How ironic, then, that outwardly she appears less herself than she ever has.

There is a moment in Chapter 11 of The Fires of Heaven in which Siuan catches her reflection in a window in Lugard. She notes that her stilling has left her a little prettier than she had been when she was actually a young woman, and how that makes it even harder to relate to her own reflection, already altered by the loss of the ageless Aes Sedai look.

She could not connect that face to her, to Siuan Sanche. Only inside was she still the same; her mind yet held all its knowledge. There, in her head, she was still herself.

I felt that line with every bone in my body. You see, I’m transgender.
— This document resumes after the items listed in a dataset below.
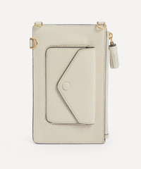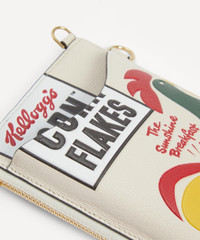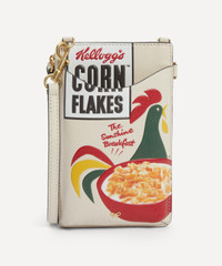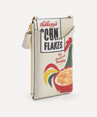 DETAILS Anya Brands Corn Flakes Zip Phone Pouch on Strap Tassel zip pull with pocket Phone slip compartments Anya Hindmarch branding Snap closure compartment Adjustable strap Kelloggs® logo COMPOSITION & SIZE Leather H: 16.5cm, W: 10cm, D: 2cm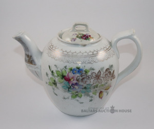 Tējkanna. Porcelāns, roku gleznojums, zeltījums. Kuzņecova fabrika. h=18 cm. Defekti, vāks no cita trauka.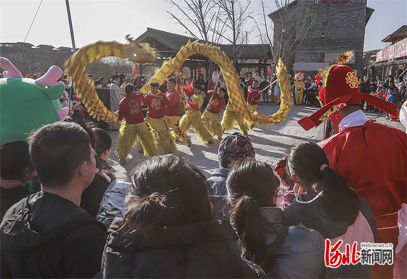 1月25日,游客在河北省遵化市尚禾源景區(qū)廟會觀看舞龍表演

I know what it feels like to have my appearance, my physical body, not match who I am. And there was a period in my life, after I figured out who I was, but before I started reading differently to people where I experienced exactly what Siuan goes through in this chapter. People looked at me and saw a cute, pretty girl. Only I knew that I was something else.

Before my transition, I experienced my physical dysphoria even when I was at home alone, but I could push it to the back burner of my mind and not spend all my thoughts on it. The moment I had to go outside though, I had to start thinking about how other people would see me. And then when people commented on things I was dysphoric about, like my chest, or my petite-ness, that just reminded me of something I was already disconnected from in my own head. I read as a cute young girl to people, just like Siuan does here, and I can see that same disorientation in Siuan when she is at The Nine Horse Hitch, and earlier when she first encounters the catcalls and comments from men in the streets of Lugard.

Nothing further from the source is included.